日立製作所は3月5日、鉄道システム事業を担う日立レールが、イタリア・トリノ地下鉄2号線のレバウデンゴ-ポリテクニコ区間において、車両および信号システムの設計・供給を行うと発表した。インフラ・トー社向けのプロジェクトで、契約総額は約4億8160万ユーロ(約888億円)。
2033年までの開業を予定している。

契約内訳は、レバウデンゴ-ポルタ・ヌオーヴァ区間の基本契約が3億8850万ユーロ(約716億円)、将来的に行使される可能性のあるポルタ・ヌオーヴァ-ポリクリニコ区間のオプション契約が9310万ユーロ(約172億円)。最終的にトリノ地下鉄2号線は全長約28km、全31駅となり、すべての車両は完全な「メイド・イン・イタリア」となる予定。

各編成は、車いす利用者向けスペース2カ所、自転車スペース4カ所を備え、立席乗客336名、着席乗客68名、最大404名の輸送が可能。車両は高い輸送力、あらゆる人の移動のしやすさ、快適性を確保するとともに、路線の先進的なデジタル信号システムと完全に統合される設計となる。

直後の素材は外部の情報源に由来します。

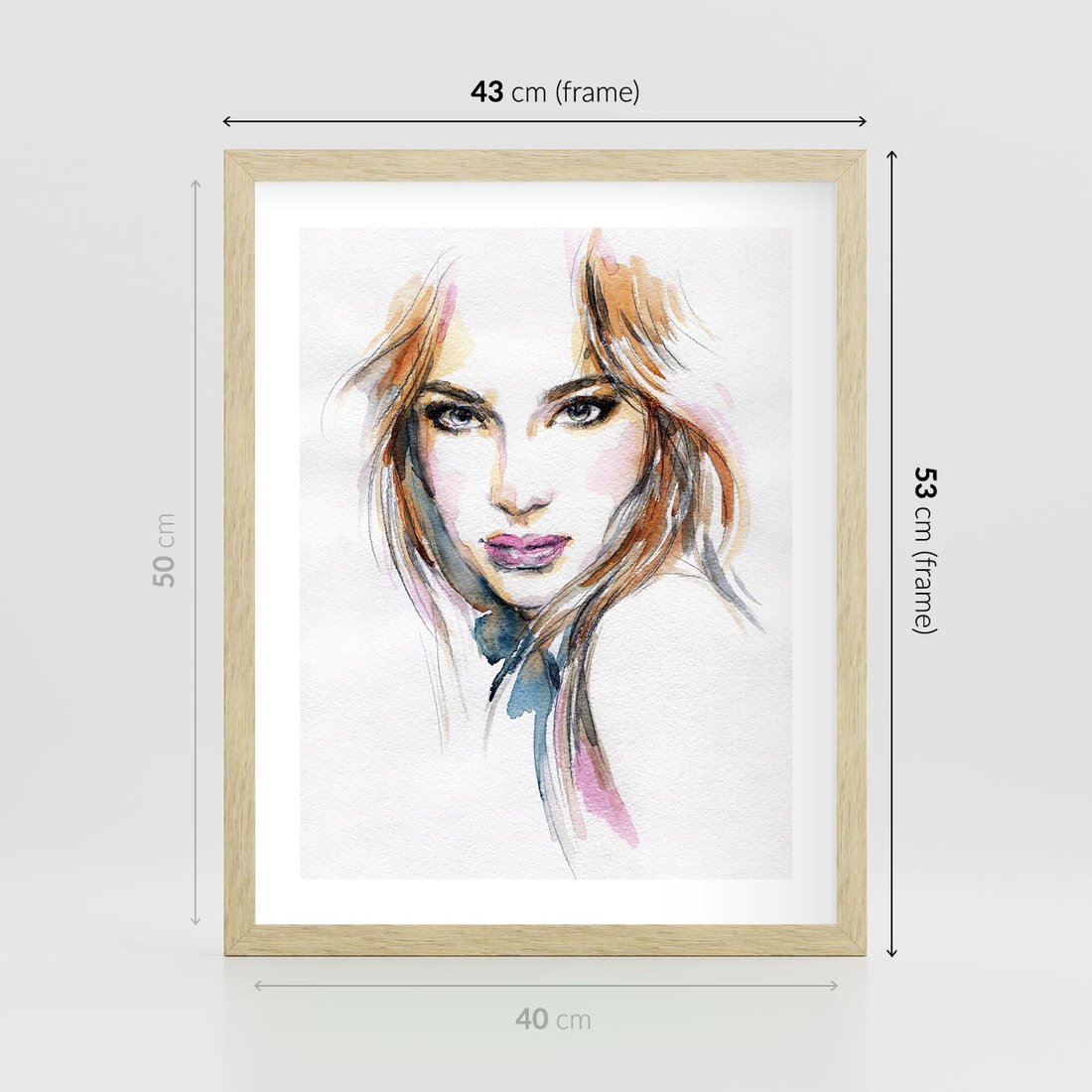 Plakat w ramie 40x50 - Abstrakcyjny portret kobiecy - grafika, kobieta - rama drewno

新しい地下鉄には、GoA4(自動化レベル4)に対応した最新世代のCBTC信号システムが導入される。これは現在実用化されている中で最高水準の自動化技術であり、列車の発進・停止・ドア操作を含む完全無人運転を可能にする。この技術により、高いサービス信頼性と輸送能力が実現されるという。

また、本路線を走行する列車には、日立レールの高度なデジタル資産管理ソリューション「HMAX for Rail」が搭載される。HMAXは車両および路線データをリアルタイムで収集・分析し、システムの監視および迅速な対応を可能にする。現在2000編成以上の列車に導入されており、先進的なセンサー技術とAIおよびエッジコンピューティングを組み合わせることで、鉄道パフォーマンスの最大化、資産寿命の延長、コスト最適化を実現するとしている。

日立レールのグローバルCOOであるルカ・ダキーラ氏は「トリノ地下鉄2号線は、当社が新型トラムをすでに納入しているトリノ市の公共交通ネットワークをさらに強化し、都市圏内の接続性を向上させるとともに、自家用車から公共交通機関への移行を促進する。
完全自動化、デジタル化、エネルギー効率に優れたソリューションを通じて、低排出型モビリティへの具体的な転換を支援する」とコメントしている。

インフラ・トー社CEOのベルナルディーノ・キアイア教授は「トリノ地下鉄2号線の車両および信号システムに関する契約の締結は、トリノ市の新たな地下鉄開発における重要な節目だ。日立レールとの協創により、国際的な最先端基準に沿った、先進的で完全自動化された高度な技術インフラをトリノ市が備えることが可能となる」と述べている。